Why Zimbabwe’s Auditor-General needs more bite to tackle endemic looting in parastatals

ZINARA replies: “Observation noted. We will ensure all allowances and benefits pass through the payroll.”

What shows the impunity is that ZINARA had previously been fined by ZIMRA for not paying tax on allowances, and yet continued not to pay.

The reason is that, like most heads of state enterprises and government departments, they know that nothing will happen to them, beyond being named in an audit report.

They know that the worst that can happen to them is a few days of bad press.

It’s a small price to pay for holiday allowances and thousands of dollars’ worth of illegal perks.

This is why the A-G needs to be given more teeth.

Section 309 (2) of the Constitution allows the A-G to “order the taking of measures to rectify any defects in the management and safeguarding of public funds and public property” .
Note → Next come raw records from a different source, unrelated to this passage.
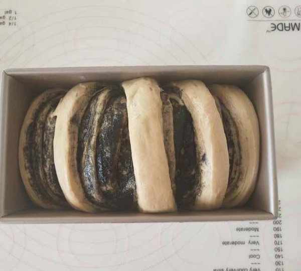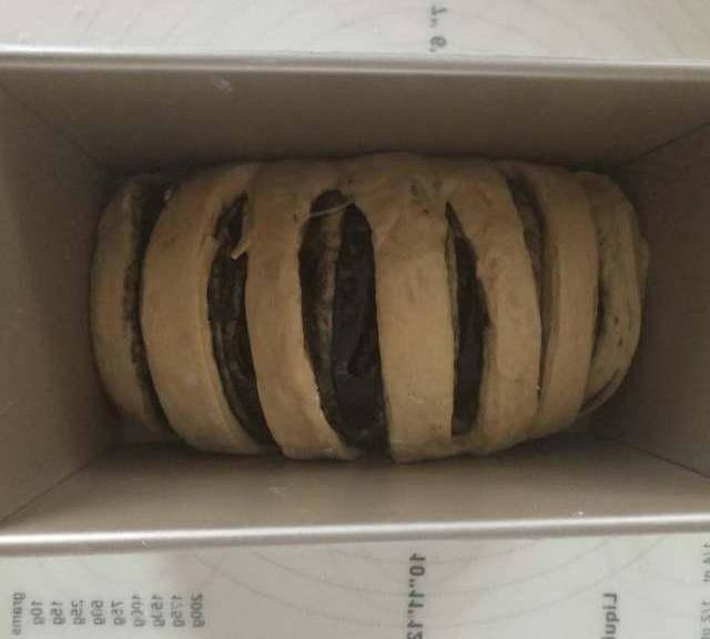 第11步、卷起,用鏟子輔助放入學廚土司盒中,烤箱32度進行二次發酵。
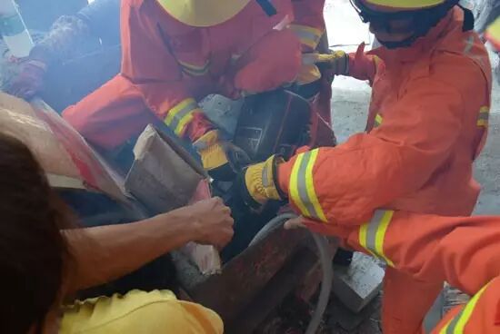 副中队长杨定杰立即安排中队具有救援经验的官兵操作金属切割机,对搅拌机的传动轴进行切割。准备救援时,被困者因疼痛出现情绪不安、躁动的现象,消防官兵立即对其进行安抚,确保救援顺利进行。
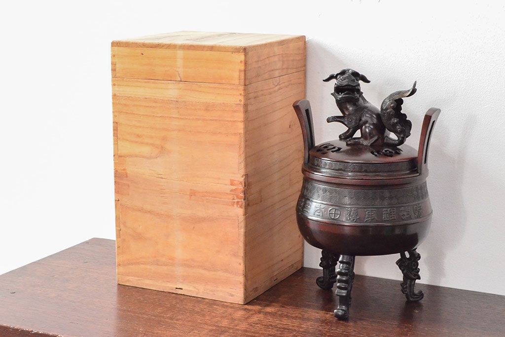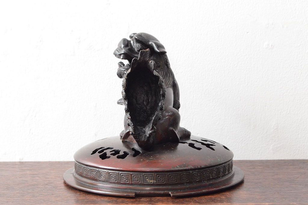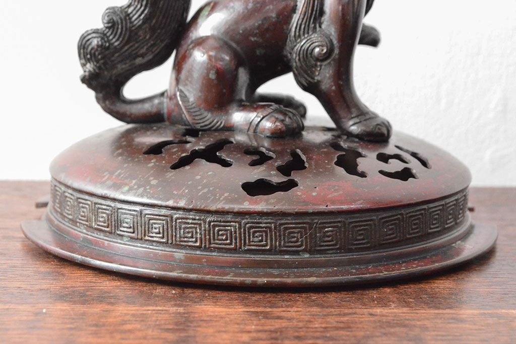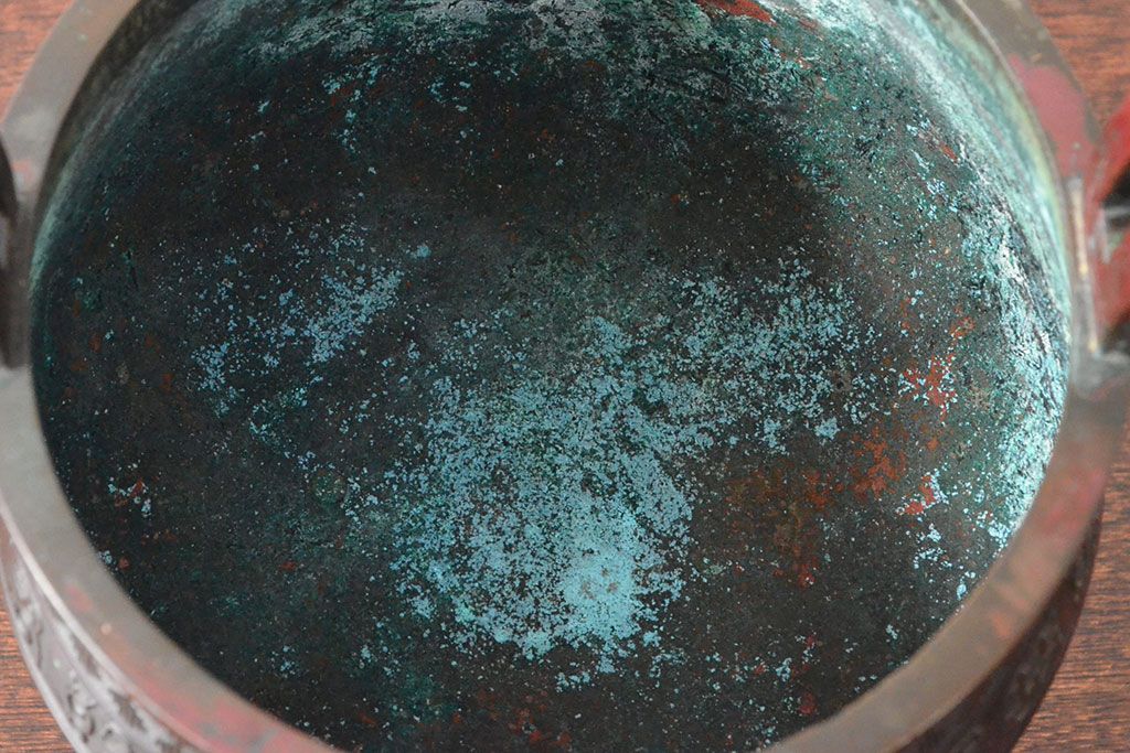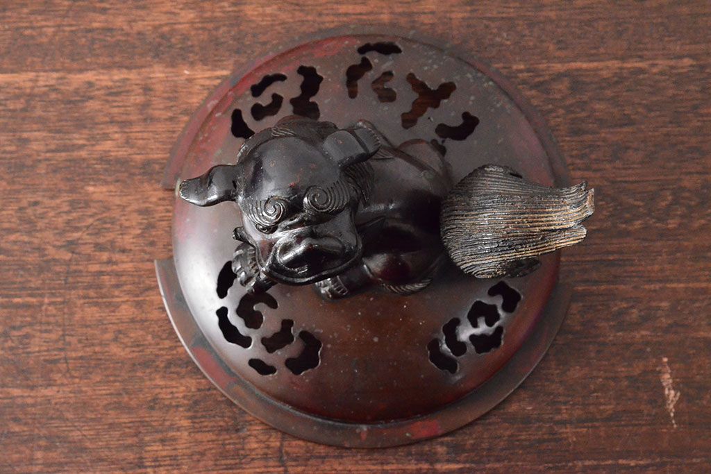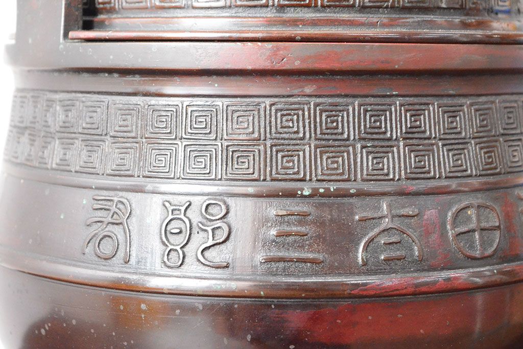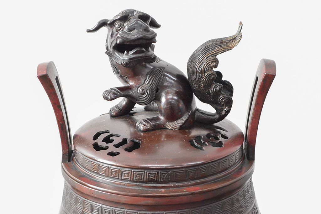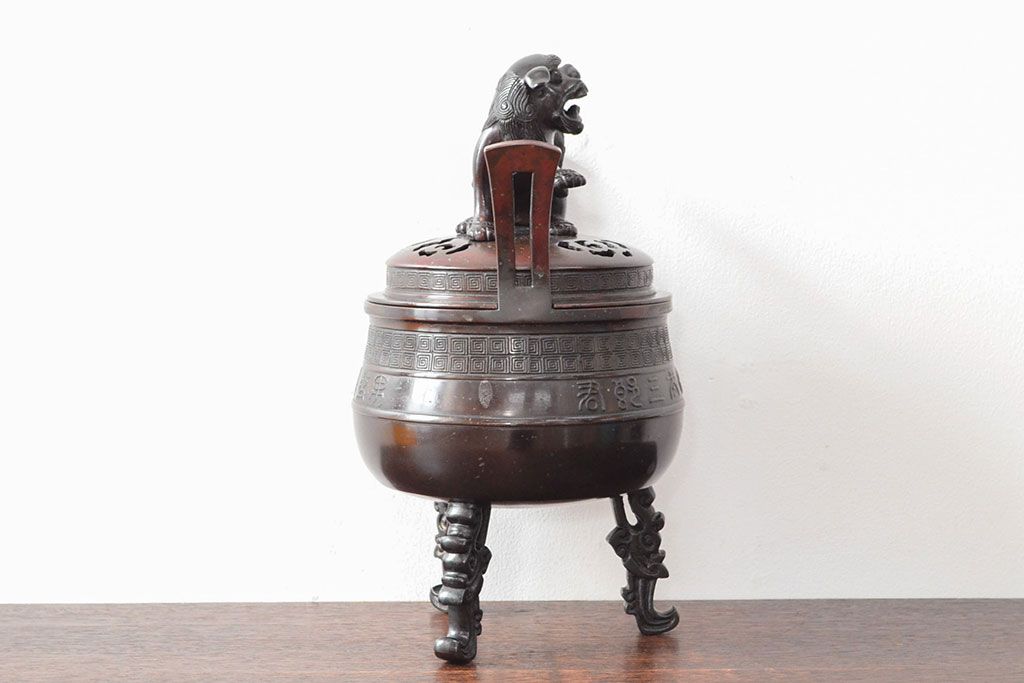 明治期 金鐘堂 紫銅鼎形 香炉(三足、唐獅子)(R-052794)

According to the Audit Office Act, which governs her office, the most she can do is to “lay before the Attorney-General a case in writing as to any question regarding which the Comptroller and Auditor-General requires a legal opinion, and the Attorney-General shall furnish the Comptroller and Auditor-General with such legal opinion”.

It is scant reward for all the work that Chiri and her team have been putting in over the years.

 At most, the report is a rap on the wrist for the serial pilferers of public funds that, repeatedly, tell her that her concerns are “noted”.

It is time that the A-G’s office was given the powers to refer issues for prosecution, at the very least.

A similar debate arose in South Africa recently over the powers of their own A-G, after a report revealed widespread mismanagement across the country’s local authorities.

Earlier, the country’s chief justice Mogoeng Mogoeng had spoken in favour of stronger powers for the office, to end the culture of impunity.

“When people know that no consequences would flow from what they do, or minimal consequences would flow from what they do, they are in all likelihood going to do it again and again and again,” Mogoeng said.

And sure enough, across Chiri’s report, there is evidence of public officials repeating the same offences that the A-G would have warned about, year after year.

Out of the 151 audit recommendations raised during the 2015 financial year, less than half were implemented in 2016.

A mere 12 percent of the recommendations are classified as “in progress”.